We install the required packages so the notebook can run anywhere (local, Colab).  
- **gymnasium**: modern Gym API for RL environments  
- **stable-baselines3**: popular, well-maintained RL algorithms (DQN, PPO, A2C)  
- **tensorboard** (optional): view training curves  
- **matplotlib**: simple plotting

### How it works  
`pip` installs packages into the active environment.

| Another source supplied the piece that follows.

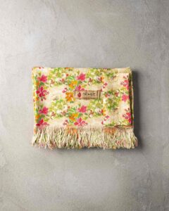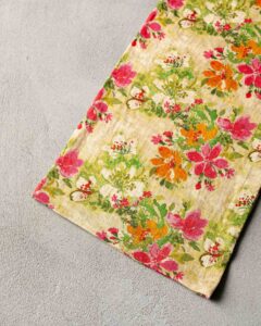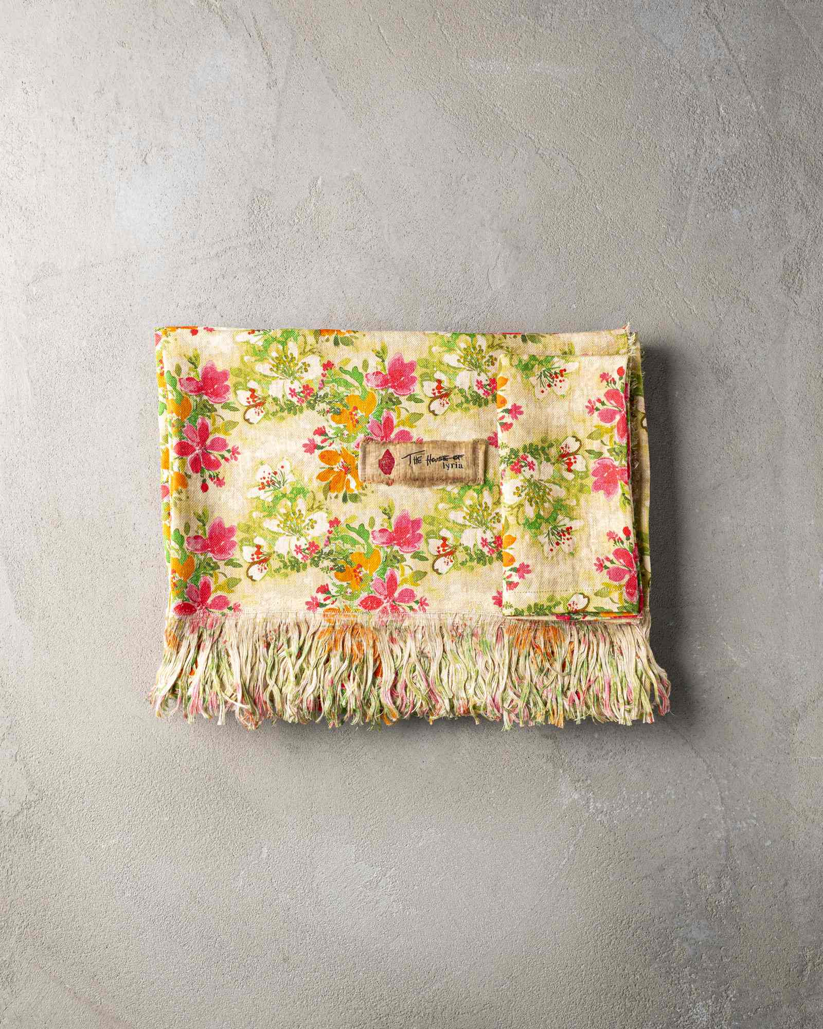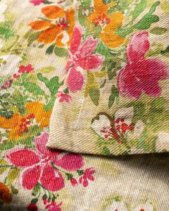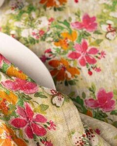 Tovagliolo in lino. La superficie si anima attraverso una stampa floreale che si diffonde nella trama con naturale vitalità, come pennellate leggere che emergono con spontaneità. Fiori vibranti affiorano come presenze luminose, creando una composizione viva che si apre tra materia e immaginazione.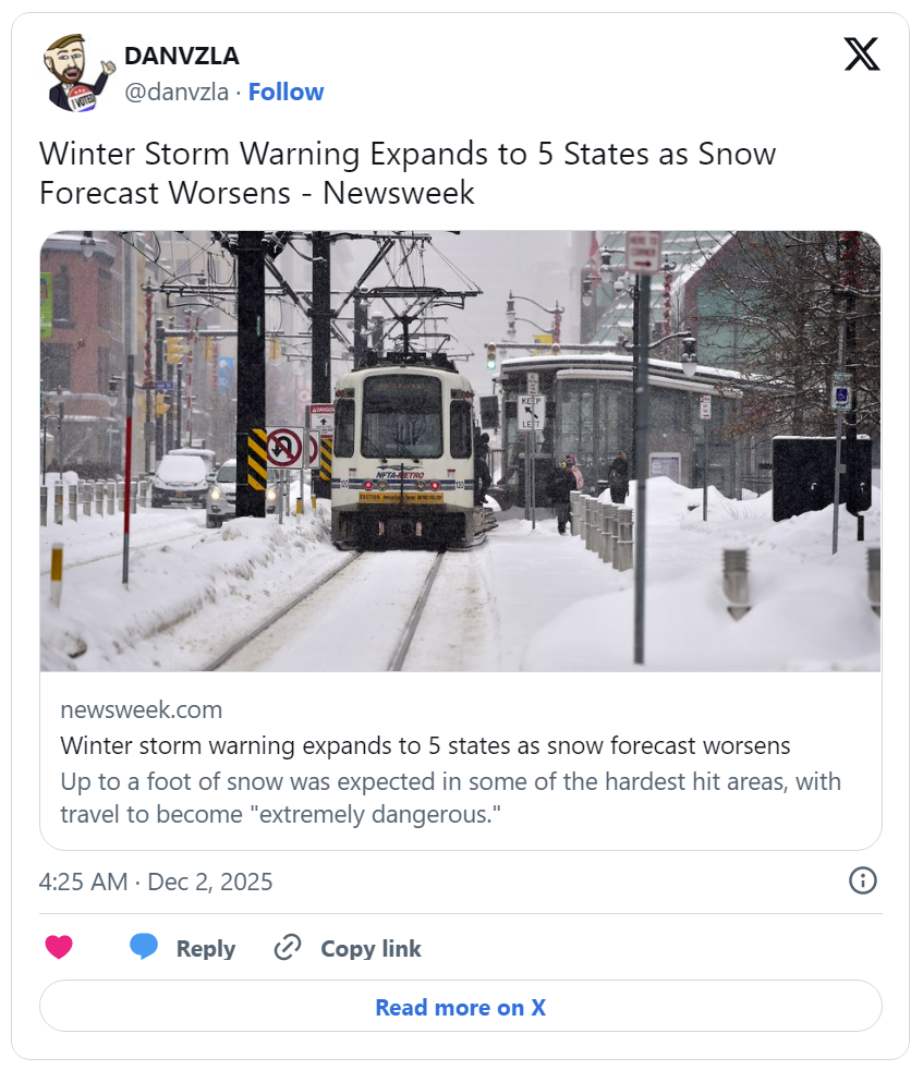 美国国家气象局(NWS)于12月1日下午对冬季天气警告进行了升级,将其提升为冬季风暴预警。随着这场风暴的到来,预计五个州将面临强降雪和恶劣的出行条件,数百万美国人将受影响。根据NWS气象学家Bryan Greenblatt的描述,纽约地区的降雪将从周二凌晨开始,预计会在午后减弱,降雪量可达到1至2英寸。值得注意的是,截止到11月30日,美国大部分地区的降雪量已经是往年同期的两倍。五大湖地区、东北部以及中大西洋地区的降雪将继续增多,另一波强冬季风暴于周二至周三带来更大影响。

In Colab, this writes to the session; locally, it writes to your venv.


In [None]:

# If running locally and already installed, you can skip this.
# In Colab, keep this cell.
# Note: remove the `-q` if you want to see full logs.
!pip install -q gymnasium[classic-control]==0.29.1 stable-baselines3==2.3.2 tensorboard matplotlib numpy



### Why this step?
Import PPO and create **vectorized environments** to parallelize rollouts.

### How it works
`make_vec_env` spawns multiple env copies; PPO collects batches from all of them before each update.


In [None]:

import gymnasium as gym
from stable_baselines3 import PPO
from stable_baselines3.common.env_util import make_vec_env
from stable_baselines3.common.evaluation import evaluate_policy

vec_env = make_vec_env("CartPole-v1", n_envs=4, seed=42)
vec_env



### Why this step?
Instantiate the PPO model and set core hyperparameters.

### How it works
- `n_steps`: rollout length per env before an update  
- `batch_size`: minibatch size per gradient step  
- `clip_range`: PPO's policy ratio clipping parameter


In [None]:

model = PPO(
    policy="MlpPolicy",
    env=vec_env,
    n_steps=128,
    batch_size=64,
    n_epochs=10,
    gamma=0.99,
    gae_lambda=0.95,
    clip_range=0.2,
    ent_coef=0.0,
    vf_coef=0.5,
    max_grad_norm=0.5,
    verbose=1,
    seed=42,
)
model



### Why this step?
Train PPO with parallel environments for a fixed budget.

### How it works
PPO alternates between collecting on-policy rollouts and performing several epochs of SGD on those data.


In [None]:

model.learn(total_timesteps=200_000, log_interval=10)



### Why this step?
Evaluate the trained PPO policy.

### How it works
We run `evaluate_policy` with deterministic actions on a non-vectorized env for clarity.


In [None]:

eval_env = gym.make("CartPole-v1")
mean_reward, std_reward = evaluate_policy(model, eval_env, n_eval_episodes=10, deterministic=True)
print(f"PPO — Mean reward: {mean_reward:.2f} ± {std_reward:.2f}")



### Why this step?
(Optionally) Save and reload, then roll out one episode to verify behavior.


In [None]:
model.save("ppo_cartpole")
del model
model = PPO.load("ppo_cartpole", env=vec_env)

obs = vec_env.reset()
ep_rewards = 0.0
for _ in range(1000):
    action, _ = model.predict(obs, deterministic=True)
    obs, rewards, dones, infos = vec_env.step(action)   # only 4 values here
    ep_rewards += float(rewards.mean())
    if dones.any():   # at least one env finished
        obs = vec_env.reset()
print("Sample vectorized rollout mean-step reward:", ep_rewards)